Because of this, it also means we can give Folds some really useful other instances, like Num and Fractional:

instance Num b => Num (Fold a b) where
  fromInteger a = pure (fromInteger a)
  (+) = liftA2 (+)
  ...

instance Fractional b => Fractional (Fold a b) where
  (/) = liftA2 (/)
  ...

This means that we can now write equations using folds - the classic example this is beulding up to is average:

average :: Fractional a => Fold a a
average = sum / genericLength

which operates in constant space and tends to produce quite efficient code, as there’s no recursion so each fold can be inlined into the definition of average.

We can also map over the input to the fold

-- If I have a fold that can accept be's and a function to convert a's into b's
-- I can make a fold which can accept a's.
premap :: (a -> b) -> Fold b r -> Fold a r
premap f (Fold step s done) = Fold (step . f) s done

which allows you to extract values from a larger structure

sumAges :: Fold Person Int
sumAges = premap age sum

averageAgeAndYearsAtCompany :: Fold EmployeeRecord (Double,Double)
averageAgeAndYearsAtCompany = 
    (,) <$> premap (fromIntegral . age . employee) average 
        <*> premap (yearsService . employmentHistory) average

How do we use these? using the fold function:

fold :: Foldable f => Fold a b -> f a -> b

which is ignostic of what sort of container it is operation over, or you can trivially write functions that take a fold and stream data in for any other source; all you need to be able to do is provide elements one at a time.

There are many other useful functions which allow you to deal with more complex inputs, and produce more complex outputs, such as

-- Only process a given input if the predicate holds
prefilter :: (a -> Bool) -> Fold a r -> Fold a r
-- Don't process elements until you find a successful item
predropWhile :: (a -> Bool) -> Fold a r -> Fold a r
map :: Ord a => Fold (a, b) (Map a b)
foldByKeyMap :: forall k a b.
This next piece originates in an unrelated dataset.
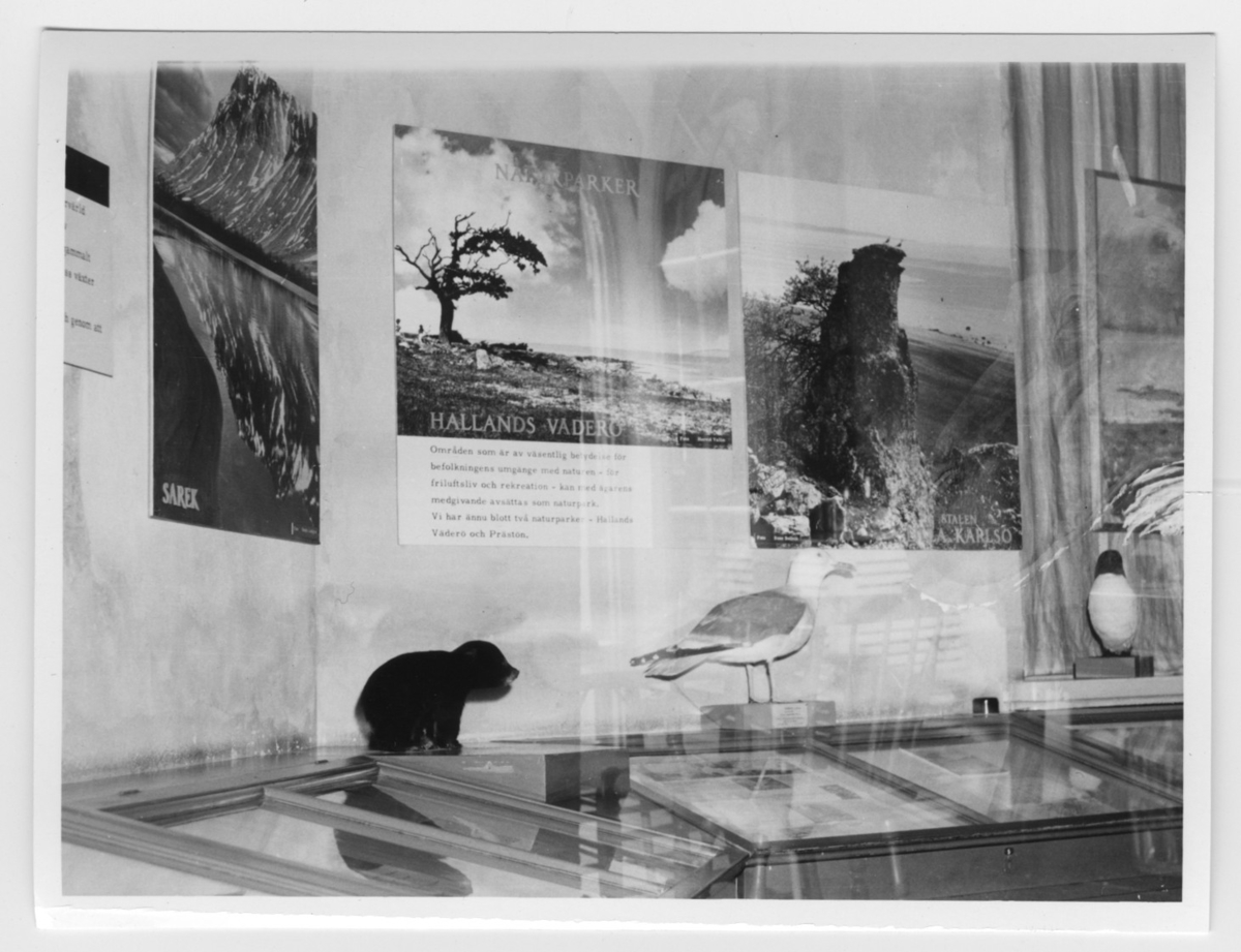 'Vägg med planscher med bilder ''Sarek'' och ''Hallands Väderö'' samt ''Stora Karlsö''. Nedanför trämontrar med glaslock intill vägen och på dem 2 monterade fåglar. :: :: Ingår i serie med fotonr. 6983:1-22.'

Ord k => Fold a b -> Fold (k, a) (Map k b)
-- Perform a Fold while grouping the data according to a specified group projection function. Returns the folded result grouped as a map keyed by the group.
groupBy :: Ord g => (a -> g) -> Fold a r -> Fold a (Map g r)
-- generic mapping of the input to zero or more values to be processed using lens-y things:
handles :: Handler a b -> Fold b r -> Fold a r
handles _1       :: Fold a r -> Fold (a, b) r
handles _Left    :: Fold a r -> Fold (Either a b) r
handles traverse :: Traversable t => Fold a r -> Fold (t a) r
handles folded   :: Foldable    t => Fold a r -> Fold (t a) r

Aphyr on 2022-12-07

…which is ignostic of what sort of container it is operation over, or you can trivially write functions that take a fold and stream data in for any other source; all you need to be able to do is provide elements one at a time.

Yeah, that’s very cool! This kind of stream fusion & multi-query optimization is something that the Clojure compiler and JVM JIT can’t (at least to my knowledge) do automatically–over in Clojure-land we have to be more explicit about the the composition. I’ve actually built a couple libraries to do just that: tesser and jepsen.history.fold. They’re both fairly heavyweight though, and loopr serves a slightly different niche. :-)

hashim on 2022-12-07

Neat! This seems very similar to for/fold and for*/fold in Racket I always find the amount of things Racket has to be surprising given how few people work on it.